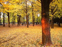 そう、落ち葉の絨毯とクリスマスイルミネーションです。
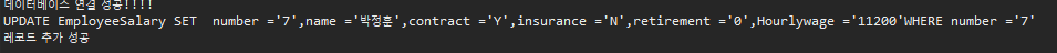 스트링 s에 "(" + string + ",'" +name +"','" + contract + "','" +insurance + "','" +retirement +"','"+Hourlywage+"')" ;를 넣어 연결 시켜주었습니다. stmt.executeUpdate(s);를 통해 삽입이 되었는지 확인하고 출력하게 됩니다.
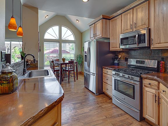 Entertainer's dream in a great NW Redmond neighborhood. Single level, Open, great room layout w/high end finishes & industrial touches. Soaring vaulted ceilings, exposed beams, lg rooms & closets, huge master w/vaulted ceilings, sitting area, double head tiled shower, walk in closet. Wood, carpet & tiled floors. Concrete, granite & tiled counters, Brazilian slate, premium finishes. Multi level deck, paver patio, pergola, hot tub & huge fenced back yard w/picture perfect landscaping. Private den/office.
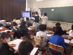 一方3年生の教室では社会の学習中。「消防士以外でまちを守る人」というテーマで学習していました。子ども達が取り上げていたのは、「警察官」。そこで、「警察官」に対するイメージを聞くと、「手帳」「24時間働く」「犯罪をとめる」とか「青い服」というのもありました。さて、どんなことをしてまちの平和を守ってくれているのかしっかりと勉強していきましょう。
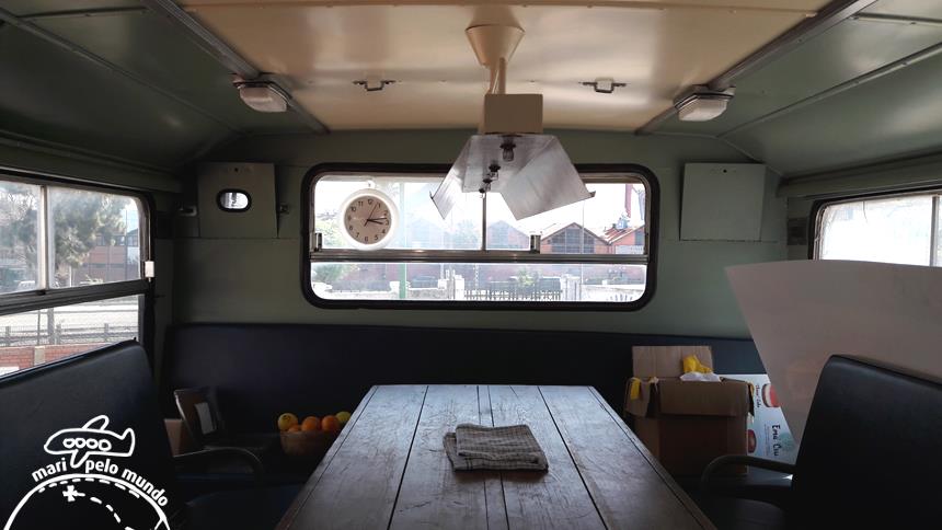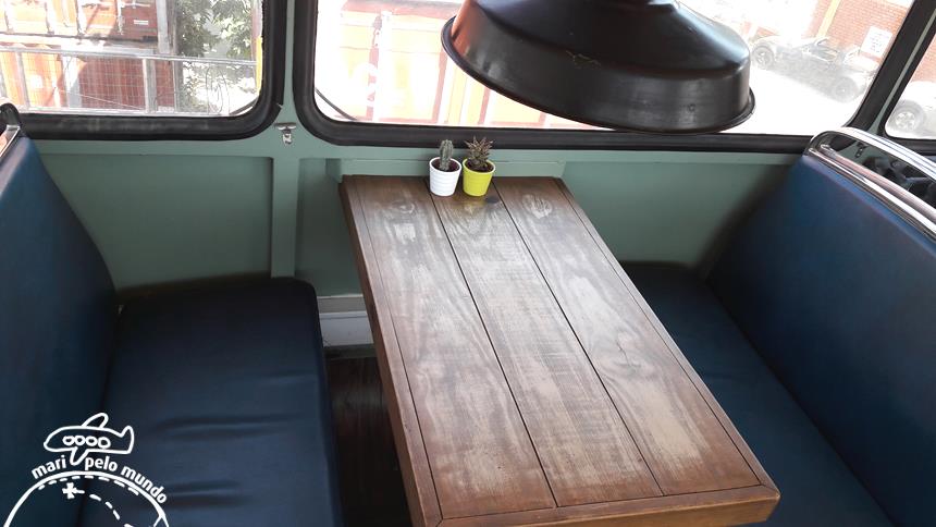 O espaço interno mantem os bancos de ônibus, acrescidos de mesas. Decoração vintage. Atendimento bom e a comida ótima.
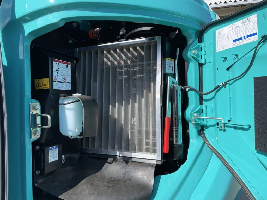 解体作業では大量の粉塵が舞いますが、iNDrは吸気口に高密度メッシュのフィルターを設置することで、機内へのダスト侵入をブロックします 。 従来機ではラジエータの目詰まりによる冷却能力の低下が心配されましたが、このフィルターのおかげで目詰まりを防ぎ、冷却性能を常に高く維持できます 。これにより、負荷のかかる連続稼働でもオーバーヒートしにくいタフな構造を実現しています。
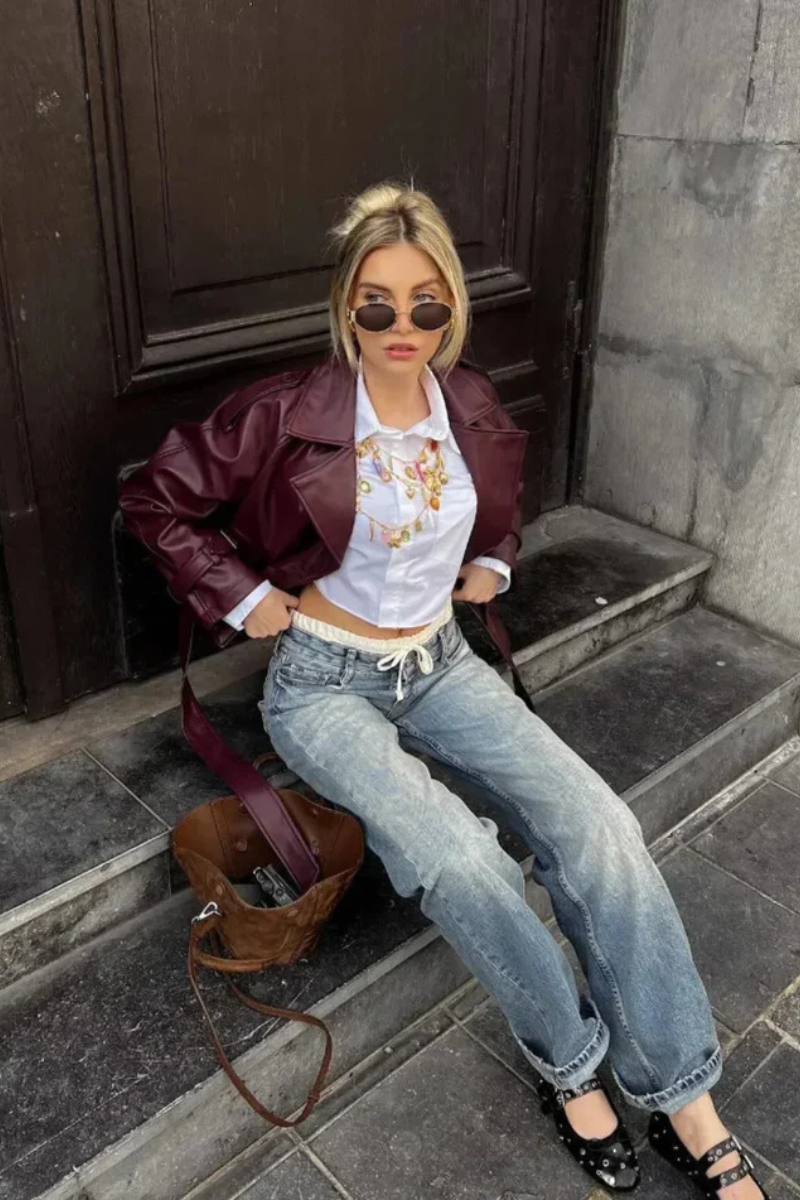 Poznaj kurtkę Isabella Vintage Faux Leather Jacket – ponadczasowy model łączący klasyczny styl lotniczy z nowoczesną elegancją.
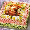 Lax och skaldjur är alltid fest. Här är en extra stor tårta som räcker till många.
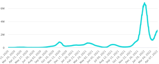 Samedi 9 avril 2022 le nombre de personnes contaminées dans le monde par le coronavirus Covid-19 et ses variants depuis le début de la pandémie (11 mars 2020) s’élève à 497,865,348 cas (+1,149,771 en 24h), la veille (+1,271,149)
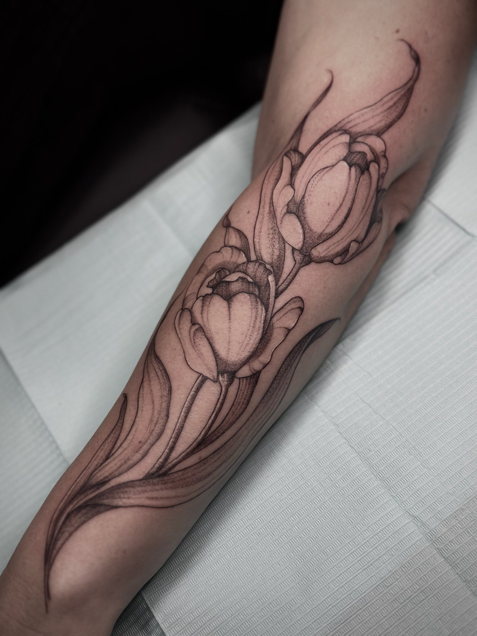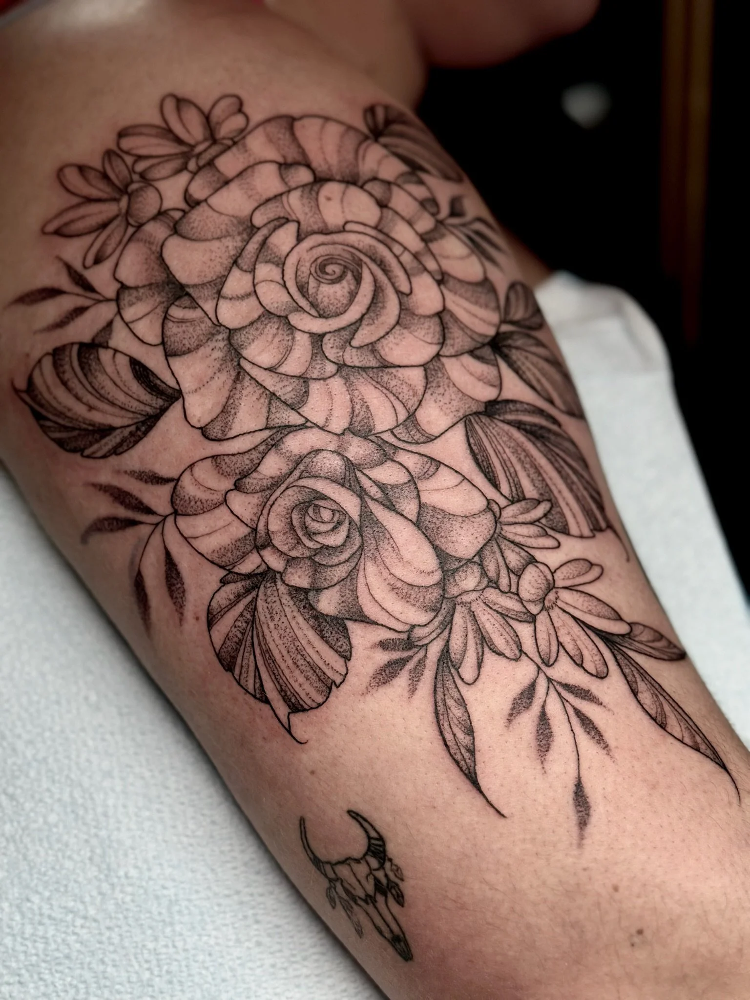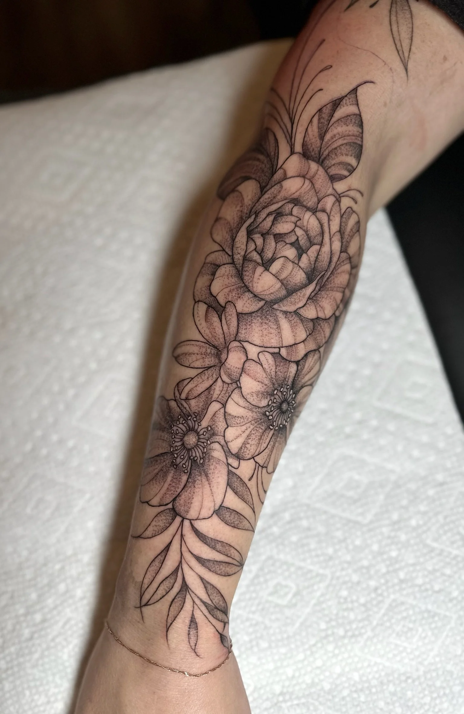 Kirsten specializes in black and grey work and is well known for her dainty, fine line florals. In the past year of her tattooing career, she has found great joy in focusing more on pet portrait work. Being a dog mom of two, she absolutely loves being able to provide her clients with beautiful portraits of their animals that they can carry with them forever. Kirsten also enjoys tattooing ornamental, script work, realism, traditional and more.
:::
• _Instructions for the task_
Copy only these lines from the records above, exactly: the one with "Lax och skaldjur", the one with "Samedi 9 avril", and those between. Skip the pictures.

• _Response area_
 Lax och skaldjur är alltid fest. Här är en extra stor tårta som räcker till många.
 Samedi 9 avril 2022 le nombre de personnes contaminées dans le monde par le coronavirus Covid-19 et ses variants depuis le début de la pandémie (11 mars 2020) s’élève à 497,865,348 cas (+1,149,771 en 24h), la veille (+1,271,149)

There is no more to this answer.